Dion Ngute, who is also a native chief in the Southwest region, warned journalists to desist from extremist reports that fuel the armed conflict in the two English speaking regions.
“You should educate, and sensitise the population on the so many achievements attained by government in restoring normalcy in the restive regions,” Dion Ngute thundered as gun-wielding soldiers paraded the venue of the meeting.
The PM is on a working visit to preach the achievements of the Major National Dialogue, two years after.
“Schools are more than 50% operational in the Southwest region. I wonder why that is not being trumpeted on your media. Look at how the CDC is progressively gaining its exportation strengths. Look at these positive developments!” the PM ordered reporters.
The PM also used the opportunity to expand on the progress made since the Major National Dialogue. He indicated that the Special Status is increasingly bearing good fruits for the population of the two English speaking regions. He however failed to cite even one benefit that the population of both regions have had from the 2019 Major National Dialogue.
“It’s only in the North-West and South-West Regions that there’s an independent conciliator. It’s in the assemblies of the two regions that there will be bicameral legislature,” he expounded, but failed to tell the journalists that governors who act like colonial administrators remain the gods of both regions. The regional presidents are only but puppets in the hands of all-powerful governors named by Yaoundé.
But when Dion Ngute talks of Major National Dialogue recommendations being implemented, could he have been in dreamland or was he rehearsing a script given to him by his hierarchy? Where are the recommendations being implemented when soldiers and the country’s young people are dying every day?
Are these not the same lies and lack of accountability that brought us to where we are today?
Handpicked journalists were given the floor to air out their challenges and how they can effectively communicate government’s efforts in restoring peace and normalcy in the two regions. They spent all their time praising the government, in an attempt to justify the FCFA 5 million envelop given to them by the PM.
Where is journalist Samuel Wazizi?
That PM Dion Ngute had the guts to address journalists in the South West, telling them to change reporting narrative, without handing them to body of journalist Samuel Wazizi is testament of government’s tyranny.

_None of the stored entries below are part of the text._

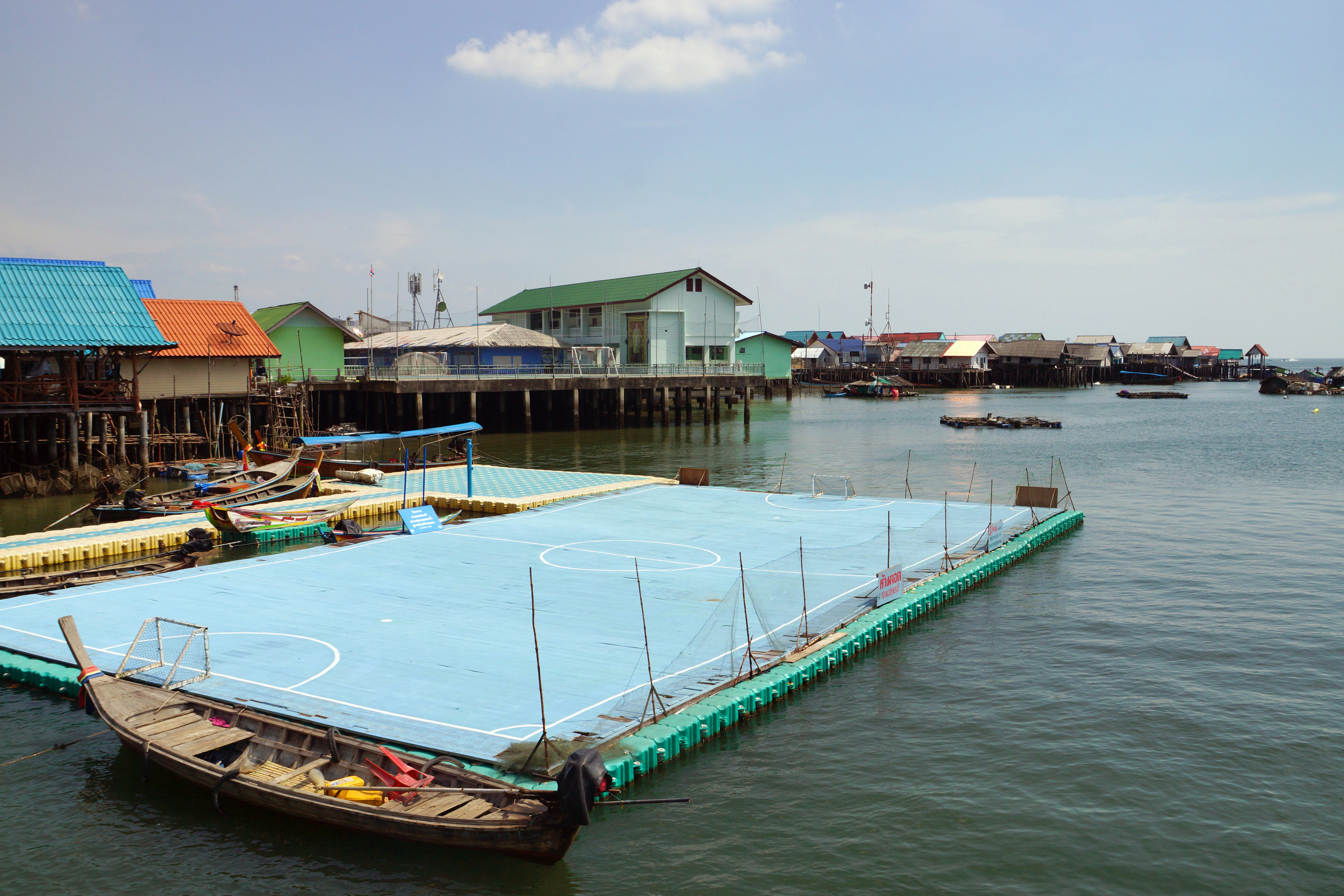 View of the Timleless Sea Gypsy Village in Phang Nga Bay in Thailand with a floating soccer field in the front.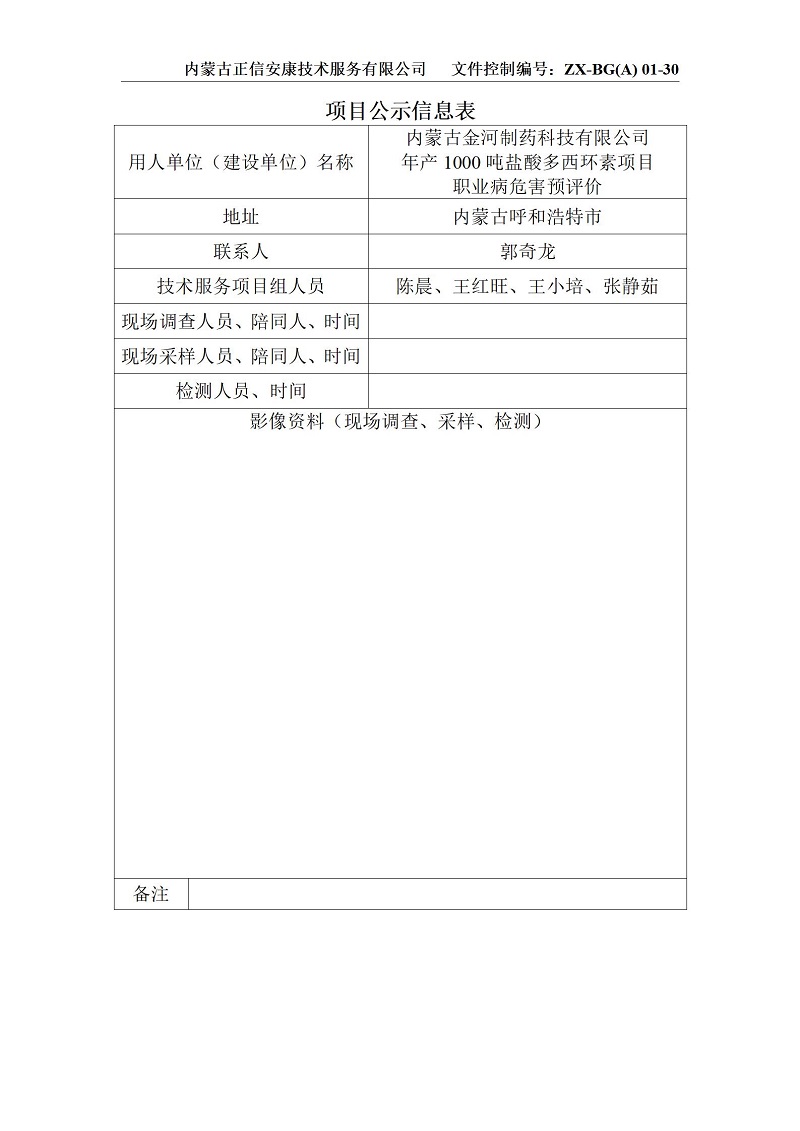 金河制藥1000噸鹽酸多西環(huán)素(預(yù)評)項(xiàng)目公示信息表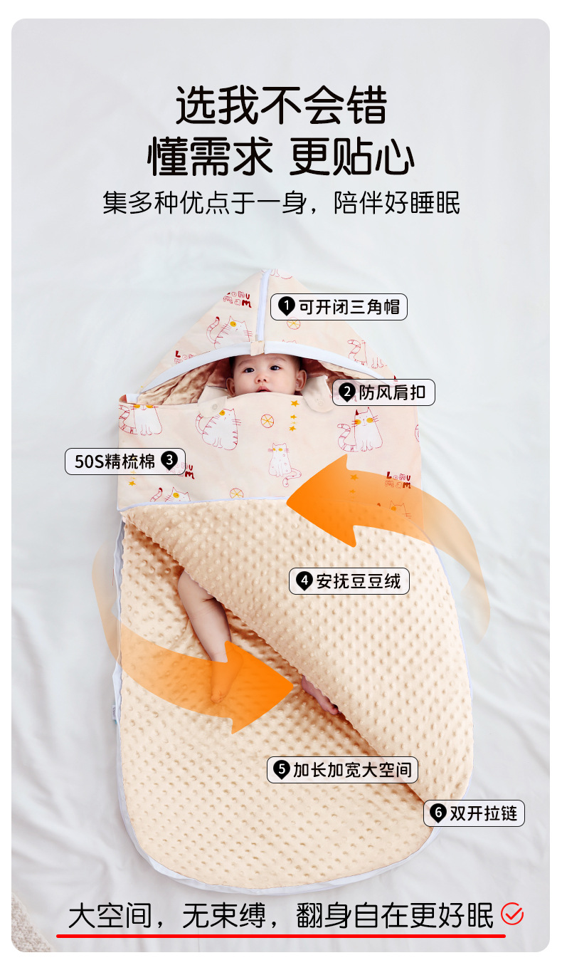 베이베이즈한 아기 수면조끼 가을 겨울 어린이용 A급 발차기 방지 이불, 깜짝 놀라움 방지, 항온 순면 일체형 두꺼운스토어 가기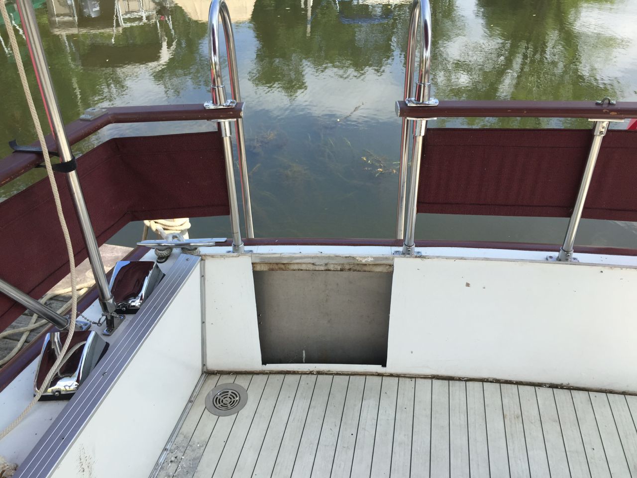 The boat is a 1982 28' Sportsfisherman with twin V6 165 HP Crusaders. It is used for day outings with the family and fishing. I wanted better access to the water and lifting little kids and a yellow lab over the railing got old real fast so I came up with a solution. Cut a gate, add railings and larger swim platform. The swim platform was made by plasTEAK outside Akron, OH. It is made of recycled plastic. I made a cardboard template off the old short platform and simply extended it and sent them the form. It is aprox. 101.5 in. by 34 in. They have different colors to match your boat. https://www.plasteak.com. (I also used their sister company products for the flybridge deck and cabin sole. PlasDECK.com) The cost was $1380.00 and $245 for the under mount stainless ladder. I hired a local welder to remove the old platform and build braces similar to the original structure but with longer angle braces. The ladder and transom gate was added later. First the ladder with a temporary step. I bought the railing and hardware on line and a local machine shop made the bends. It was then just a matter of cutting the railing to length and mounting the hardware. The gate was also rather easy once I made sure all the cuts were aligned correctly. First I cut the inner panel, using a T square to make sure the cuts were vertical. Then again using the right angle guide to make sure the outside cuts were parallel to the inner ones. Drill a hole in the lower corners and I used a battery powered DeWalt Sawzall. I then sealed off the gap with high density 1/2 plastic boarding. Similar to a plastic cutting board, but any material would do. I used some 3/4 inch aluminum angle stock to mount the plastic. I was thinking about replacing the plastic with aluminum to keep with the Marinette theme. I have some of the board left and have some stainless hinges to make a gate but.....now it's boating season and I don't want to work on it with a drink in my hand!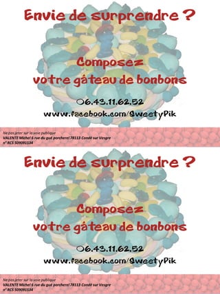 Le document promeut la composition de gâteaux de bonbons et fournit des informations de contact pour Sweetypik. Il inclut un numéro de téléphone, un lien vers une page Facebook et l'adresse de l'entreprise. Des instructions sur la gestion des déchets sont également mentionnées.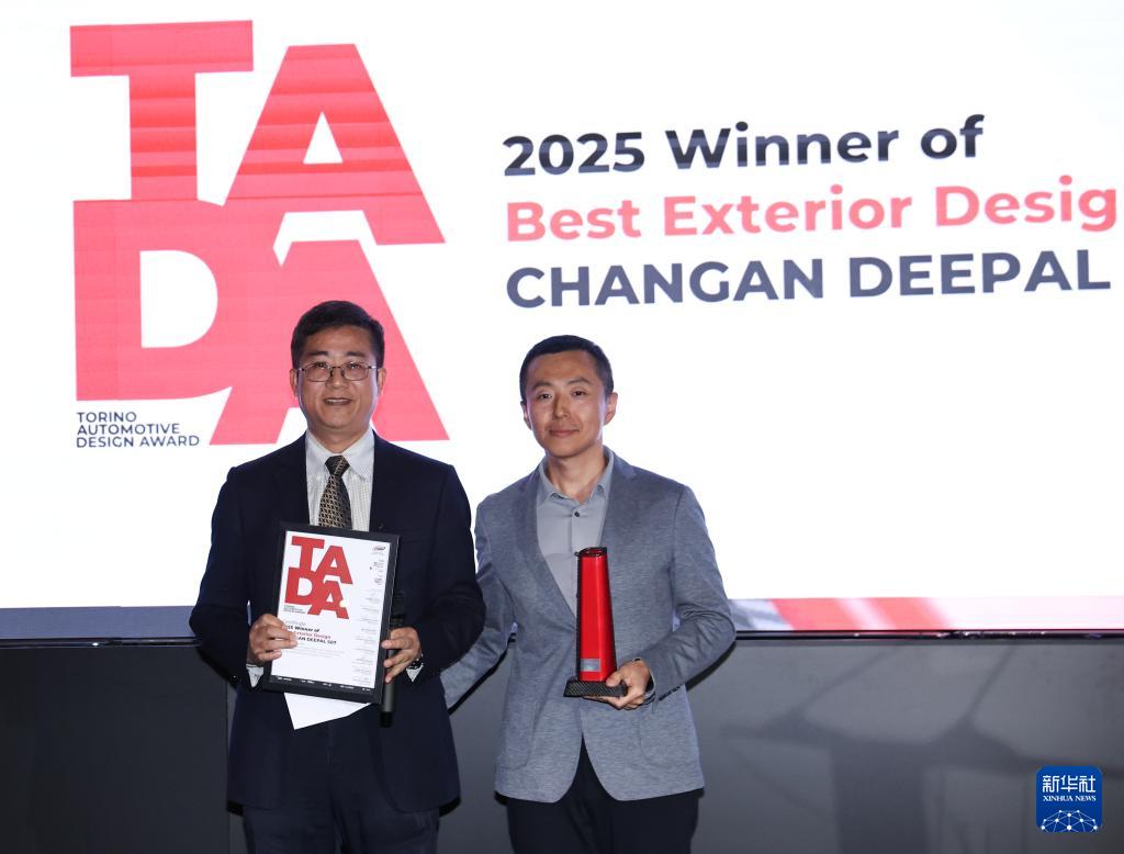 9月26日,在意大利都靈,榮獲"都靈汽車設(shè)計(jì)獎(jiǎng)"最佳外觀設(shè)計(jì)獎(jiǎng)的長(zhǎng)安"深藍(lán)S07"代表領(lǐng)獎(jiǎng)。新華社記者 李京 攝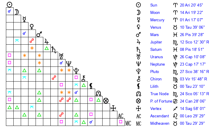 | Moon | 14 Aries 13 | 22 Virgo 49 | 28 Taurus 40 |

Wazizi was killed in military custody and his corpse is yet to be handed over to his family and colleagues for burial.
What an insult from Prime Minister Dion Ngute! Before bullying journalists to the government line, the PM should have started by providing the mortal remains of Wazizi killed by his government forces in detention.
On Friday, June 5, 2020, Cameroon’s army confirmed Wazizi died in detention “as a result of severe sepsis” on August 17, 2019. That news of his death was announced 10 months after he had died in puzzling.
In the statement, army spokesman Cyrille Atonfack Nguemo said the military took custody of Wazizi on August 7, 2019 after investigations revealed he was coordinating logistics for separatist fighters – charges his family and colleagues deny.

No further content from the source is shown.